▶ [Records]:
☆ ☆ ☆

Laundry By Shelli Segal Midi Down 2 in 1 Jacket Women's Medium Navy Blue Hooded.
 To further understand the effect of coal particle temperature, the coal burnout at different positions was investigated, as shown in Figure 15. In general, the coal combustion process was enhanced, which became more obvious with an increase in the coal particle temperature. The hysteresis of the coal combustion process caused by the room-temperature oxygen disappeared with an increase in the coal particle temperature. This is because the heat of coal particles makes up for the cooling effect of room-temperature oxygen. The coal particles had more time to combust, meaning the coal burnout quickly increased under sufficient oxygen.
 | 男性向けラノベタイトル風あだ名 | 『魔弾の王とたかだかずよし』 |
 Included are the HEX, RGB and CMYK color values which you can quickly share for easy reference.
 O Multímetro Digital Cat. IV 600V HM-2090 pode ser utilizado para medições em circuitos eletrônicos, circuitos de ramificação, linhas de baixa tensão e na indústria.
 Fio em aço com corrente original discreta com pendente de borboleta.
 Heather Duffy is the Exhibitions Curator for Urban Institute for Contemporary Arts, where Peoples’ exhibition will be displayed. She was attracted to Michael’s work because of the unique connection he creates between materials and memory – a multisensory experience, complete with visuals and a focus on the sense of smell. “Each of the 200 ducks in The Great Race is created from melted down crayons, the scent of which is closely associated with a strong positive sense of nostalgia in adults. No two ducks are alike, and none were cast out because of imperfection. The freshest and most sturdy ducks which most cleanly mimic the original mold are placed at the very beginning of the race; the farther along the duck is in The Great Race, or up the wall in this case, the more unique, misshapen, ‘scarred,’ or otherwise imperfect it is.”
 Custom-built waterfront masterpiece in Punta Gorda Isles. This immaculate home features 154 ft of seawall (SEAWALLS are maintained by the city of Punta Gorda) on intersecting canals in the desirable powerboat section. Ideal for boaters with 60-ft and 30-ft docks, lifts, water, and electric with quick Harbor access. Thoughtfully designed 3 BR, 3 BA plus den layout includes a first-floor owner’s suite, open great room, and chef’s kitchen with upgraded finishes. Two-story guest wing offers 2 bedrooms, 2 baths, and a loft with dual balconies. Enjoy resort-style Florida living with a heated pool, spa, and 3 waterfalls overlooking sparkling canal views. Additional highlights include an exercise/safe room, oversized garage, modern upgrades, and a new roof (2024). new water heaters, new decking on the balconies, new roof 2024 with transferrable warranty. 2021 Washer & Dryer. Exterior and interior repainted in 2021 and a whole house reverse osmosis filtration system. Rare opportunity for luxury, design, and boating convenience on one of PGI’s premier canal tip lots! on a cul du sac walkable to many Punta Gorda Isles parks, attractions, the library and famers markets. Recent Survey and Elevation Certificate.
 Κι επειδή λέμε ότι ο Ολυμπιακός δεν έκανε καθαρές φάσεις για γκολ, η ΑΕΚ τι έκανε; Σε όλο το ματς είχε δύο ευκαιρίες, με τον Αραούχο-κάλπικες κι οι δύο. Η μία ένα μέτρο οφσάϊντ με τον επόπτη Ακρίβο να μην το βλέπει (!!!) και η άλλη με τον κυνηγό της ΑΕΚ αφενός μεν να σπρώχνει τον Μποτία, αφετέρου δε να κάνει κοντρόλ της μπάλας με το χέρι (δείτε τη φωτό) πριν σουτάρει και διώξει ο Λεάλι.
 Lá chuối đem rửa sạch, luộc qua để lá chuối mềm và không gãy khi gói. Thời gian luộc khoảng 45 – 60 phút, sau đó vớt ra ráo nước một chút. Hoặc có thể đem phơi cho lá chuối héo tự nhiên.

☆ ☆ ☆

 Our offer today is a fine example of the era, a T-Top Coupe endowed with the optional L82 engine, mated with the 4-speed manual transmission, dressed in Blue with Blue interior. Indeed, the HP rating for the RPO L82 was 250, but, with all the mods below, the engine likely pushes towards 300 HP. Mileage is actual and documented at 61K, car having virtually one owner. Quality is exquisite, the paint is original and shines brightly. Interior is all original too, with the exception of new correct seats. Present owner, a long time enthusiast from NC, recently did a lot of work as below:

☆ ☆ ☆

The lines above from the one with "Included are the" through the one with "Fio em aço com" are to be duplicated exactly, ends included, with nothing added.

 Included are the HEX, RGB and CMYK color values which you can quickly share for easy reference.
 O Multímetro Digital Cat. IV 600V HM-2090 pode ser utilizado para medições em circuitos eletrônicos, circuitos de ramificação, linhas de baixa tensão e na indústria.
 Fio em aço com corrente original discreta com pendente de borboleta.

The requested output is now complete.